Recruitment information / eligibility

Status Completed
Enrollment 25
Est. completion date January 2016
Est. primary completion date January 2016
Accepts healthy volunteers Accepts Healthy Volunteers
Gender Both
Age group 20 Years to 40 Years
Eligibility Inclusion Criteria:

- Healthy male and female volunteers at the age of 20-40

- Willing and capable to give informed consent for study participation as documented by signature after the nature of the study has been thoroughly explained

- Willing to refrain from drinking alcohol the day before testing session, from drinking alcohol and caffeinated drinks at the testing days and from consuming psychoactive substances 2 weeks before testing days and for the duration of the study

- Able and willing to comply with all study requirements

- MRI-compatible body shape and size (Body mass index [BMI] 17-30)

- Right-handedness

Exclusion Criteria:

- Poor knowledge of the German language

- Previous significant adverse response to a hallucinogenic drug

- Participation in another study where pharmaceutical compounds are given within the 30 days preceding and during the present study

- Self or first-degree relatives with present or antecedent psychiatric disorders

- Present or antecedent alcohol/drug dependence or present alcohol/drug abuse

- History of head trauma, fainting, seizures, or electroconvulsive therapy

- Recent cardiac or brain surgery

- Current use of medication known to affect brain function (e.g. benzodiazepines, antihistamines, aspirin, beta blockers, theophylline, acetazolamide, etc.)
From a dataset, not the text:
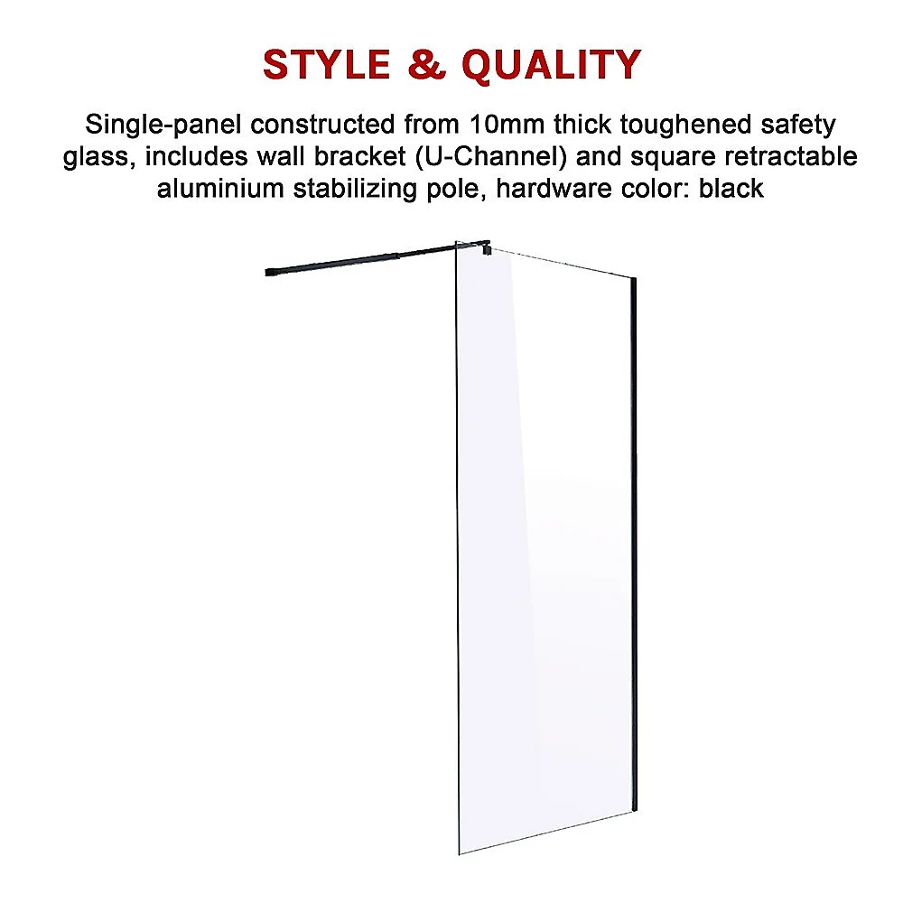 This single-panel screen is crafted from a 10mm-thick toughened safety glass. In addition to its crystal clarity, this glass is specifically designed to ensure absolute safety in the bathroom, meeting all applicable Australian Standards. A wall bracket (U-Channel) and retractable aluminium stabilizing pole are included for a straightforward, hassle-free installation. This panel measures 1200mm wide by 2100mm high.

- Concomitant therapy with potent inhibitors of cytochrome P-450 isoenzyme 3A4 (HIV protease inhibitors, macrolide antibiotics, acylderivative anti-infective agents)
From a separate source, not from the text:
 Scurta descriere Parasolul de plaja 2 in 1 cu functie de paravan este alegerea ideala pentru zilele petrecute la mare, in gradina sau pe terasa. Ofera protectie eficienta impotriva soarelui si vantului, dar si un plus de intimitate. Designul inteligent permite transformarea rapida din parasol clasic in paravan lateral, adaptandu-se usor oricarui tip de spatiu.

- Presence of major internal or neurological disorders (including sepsis, pheochromocytoma, thyrotoxicosis, drug-induced fibrosis, familiar or basilar artery migraine)

- Presence of psychiatric disorder

- Cardiovascular disease (hypertonia, coronary artery disease, heart insufficiency, myocardial infarction within the past 6 months, coronary spastic angina)
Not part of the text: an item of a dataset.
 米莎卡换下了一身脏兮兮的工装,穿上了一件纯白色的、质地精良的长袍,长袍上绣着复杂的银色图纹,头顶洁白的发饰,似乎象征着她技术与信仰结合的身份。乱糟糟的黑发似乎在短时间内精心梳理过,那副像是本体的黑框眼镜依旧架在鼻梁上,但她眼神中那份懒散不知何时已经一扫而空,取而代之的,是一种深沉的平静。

- Peripheral vascular disease (thromboangiitis obliterans, luetic arteritis, severe arteriosclerosis, thrombophlebitis, Raynaud's disease)

- Liver or renal disease

- Pregnant or breastfeeding women (a urine pregnancy test will be done before each session for all women capable of bearing children)

- Inability to lie still for about 60 minutes (e.g. because of sneezing, itching, tremor, pain)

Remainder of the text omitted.